Dual Immunoistochemical Analysis for MYC and p63 Distinguishes Prognostic Subgroups in Adenoid Cystic Carcinoma

Background: Adenoid cystic carcinoma (ACC) is a rare carcinoma affecting salivary glands and other anatomical sites, including the tracheobronchial tree. Recently, ACCs have been classified into two molecular subtypes through proteogenomic analysis. ACC-I tumors are characterized by MYC hyperactivation and worse prognosis, while ACC-II subgroup is associated with hyperexpression of TP63 and receptor tyrosine kinase (RTKs) genes and by a more indolent clinical course. Previous evidence suggests that immunohistochemistry (IHC) for c-Myc and p63 is sufficient to stratify ACCs of the salivary glands into ACC-I and ACC-II subtypes. Aim of the study: The aim of the present study was to evaluate c-Myc and p63 expression through IHC in ACCs of the lung, which have not been considered in previous studies, and of the salivary glands, in order to determine if the expression of these two markers correlates with histopathological characteristics of the tumors and with prognosis.

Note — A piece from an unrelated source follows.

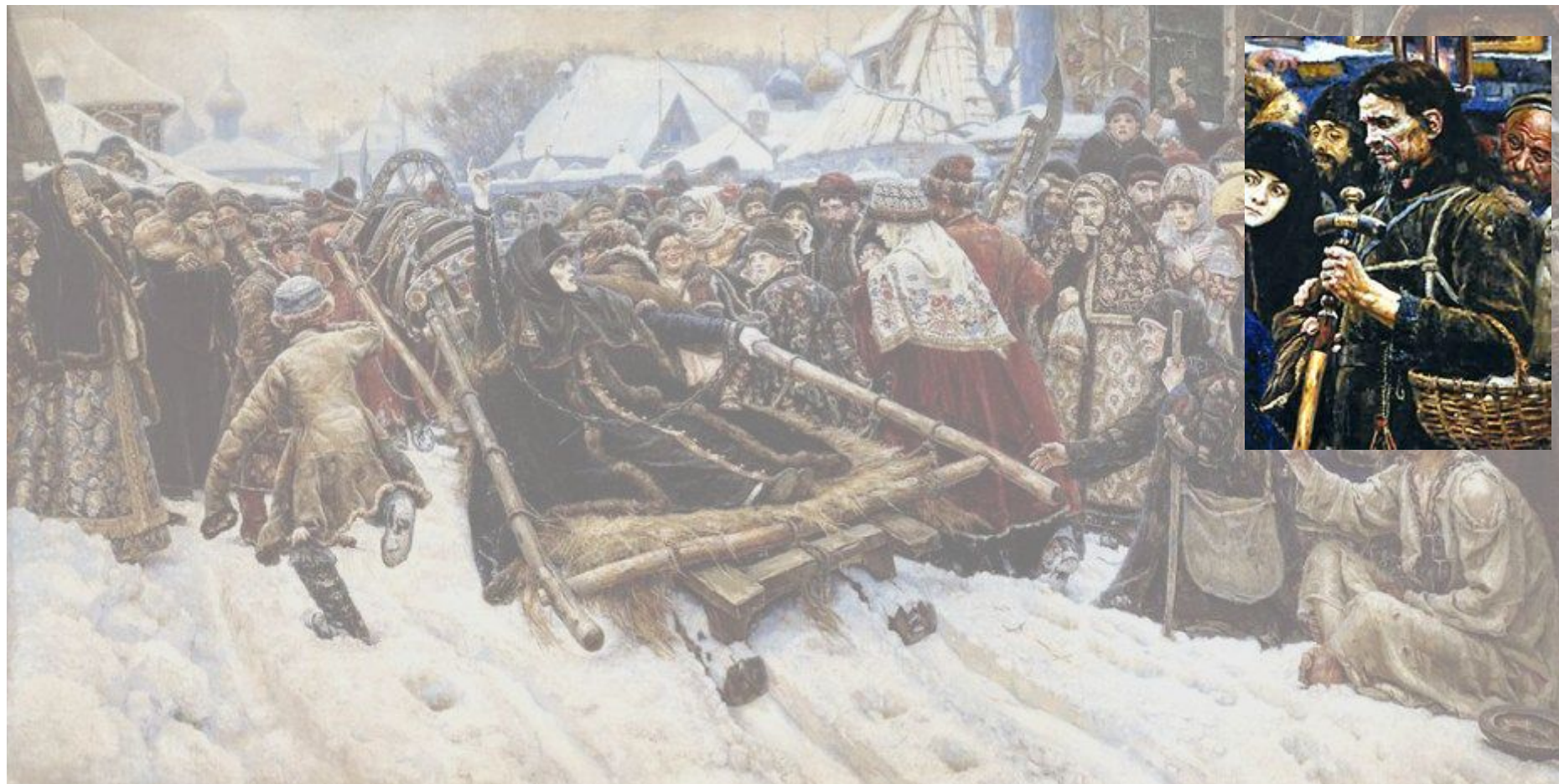
«Боярыня Морозова». 1887 г.

Materials and methods: We considered 52 cases of ACC, 29 of the salivary glands (SG-ACCs) and 23 of the tracheobronchial tree (TB-ACCs). Formalin-fixed paraffin-embedded (FFPE) tissue samples together with all available hematoxylin and eosin (HE) stained sections and IHC slides were retrieved from the archives of our Institution; complete clinical information was obtained. For each case we performed IHC for c-Myc and p63. We then evaluated the correlation between the expression of these two markers and clinical and pathological variables, such as tumor growth pattern, overall survival (OS) and disease-free survival (DFS). Results: We found that c-Myc was overexpressed in 15 cases (28.85%), 12 SG-ACCs and 3 TB-ACCs, with a significantly higher proportion in tumors of the salivary glands with c-Myc positivity. In our series, c-Myc and p63 expression were negatively correlated. Low p63 expression and c-Myc positivity were correlated with the presence of solid growth pattern. Moreover, solid growth pattern and c-Myc overexpression were significantly associated with reduced OS. Conclusions: The presence of solid growth pattern and the positivity of c-Myc evaluated through IHC in ACCs of the salivary glands and the tracheobronchial tree can provide prognostic information and could help optimize treatment strategies.